Shield minority shareholders from business family feuds

Shield minority shareholders from business family feuds


All seems good when the parents are around. After their passing, human greed and jealousy seem to strain relations in many business families. The distribution of wealth and power within a family to everyone’s satisfaction is a universal challenge. In many parts of the world, timely transitions from family-run to professionally managed businesses have helped mitigate such conflicts, driven in part by the fear of shareholder lawsuits.

With nine-tenths of India’s publicly traded companies being family-owned or controlled, the complexity and pressure of keeping control of these businesses intensifies as families enlarge across generations. Family feuds can manifest in diverse ways, often beginning with minor disagreements among members over business strategies or priorities, often with personal egos at play. However, seemingly trivial issues can quickly escalate into major disputes, fuelled by friction around inheritance matters or control of a majority stake in a listed corporation.

The Securities and Exchange Board of India took a significant step last year by expanding the scope of disclosure requirements under Sebi’s listing Regulation 30A. It addressed the prevalence of undisclosed family arrangements within business groups that directly impact the operation and ownership of listed entities. These arrangements, whether formal or informal, can restrict the freedom of listed entities to conduct business or dictate succession plans for key management positions, while remaining hidden from the scrutiny of the business’s board and shareholders. Sebi’s notification mandates the public disclosure of all such covenants, shedding light on any exclusion of family members from ownership or control, or the allocation of specific entities to particular branches of the family. Such transparency is essential to ensure that the governance of listed entities stays free of undue familial influence and manipulation.

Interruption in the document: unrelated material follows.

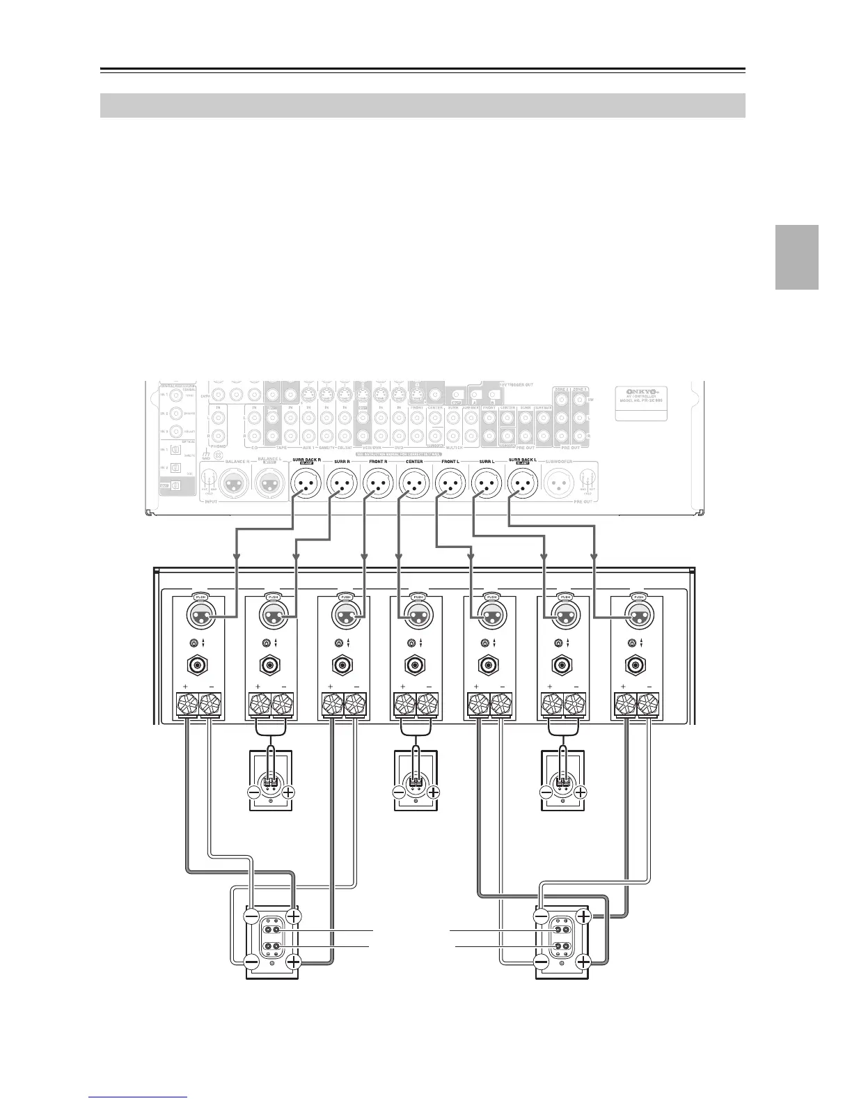 See your multichannel power amplifier’s instruction manual for more information on connecting speakers.

Compliance with this regulatory shift, previously regarded as closely guarded family proprietary information, will not occur spontaneously. Sebi may need to take proactive measures to compel all companies to make a one-time disclosure.

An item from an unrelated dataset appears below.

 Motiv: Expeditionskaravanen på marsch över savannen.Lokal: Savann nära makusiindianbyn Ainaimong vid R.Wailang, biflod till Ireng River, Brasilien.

Moreover, while even written agreements can be contentious, oral or loose arrangements pose an even greater challenge, often leading to fierce disputes. We have seen this play out many times in India. The bulk of Indian enterprises have had family feuds. Be it the Kirloskar family, the current Kalyani- Hiremath feud, the old Ambani brothers dispute, Murugappa group muddle over one of the daughters asking for a board seat, the Chhabrias of Finolex, the Singhanias of Raymond, the Wadias ofBombay Dyeing and Britannia, or the K.K. Modi family discord and the recent Tata-Mistry battle. Who has paid the price for these wars ? Is it not their minority shareholders ?

So long as family-run businesses dominate our corporate landscape, family succession battles will remain a risk factor for minority investors. If reputational risk does not seem to concern business families, it’s primarily because institutional investors are just waking up and yet to find their voice.

Unfortunately, much of India Inc still resorts to age-old tactics to resolve disputes. In addition to airing grievances in public and pursuing costly litigation, factions within families have been found to instigate media mud-slinging as well as investigations by authorities against one another. The repercussions of such manoeuvres inevitably hit shareholders. Is there a way to shield investors from the fallout of succession battles?

Most family conflicts are resolved through litigation or private mediation. Large businesses are often influenced by the policies and principles of founding families, blurring the distinction between the firm and its owners. While investors may initially benefit from trust and confidence vested in promoter families, the record has shown high potential for investors to suffer as a result of prolonged family disputes that depress share prices and market cap.

Perhaps rules that get warring factions to step aside until disputes are resolved could provide a solution. Reluctance to relinquish management control (and thus access to company funds, especially for legal battles), may compel all parties to come to the table and reach a pragmatic resolution. But then, that’s what boards are partly for, some say.

While there are ‘independent directors,’ how many are truly independent? Most directors owe their seats to their proximity to promoters, the management or goodwill earned in their previous official capacities. Those who dare assert themselves risk swift ejection, with informal power networks ensuring their exclusion from other board invitations. This dissuades many from challenging the status quo. Consequently, the expectations placed on independent directors remain fictional, as they lack the freedom and authority needed to enact meaningful change in such circumstances.

Although the law provides general guidelines, Sebi should establish specific regulations for companies to protect minority shareholders’ interests, especially in cases of business-family spats. This underscores the importance of Sebi’s proposal to separate the chairperson and managing director roles in the top 500 listed entities—an initiative that promotes better corporate governance and accountability. However, it’s evident that India Inc, driven by a sense of entitlement, opposes the idea of any regulator dictating the distribution and transparency of familial power within companies.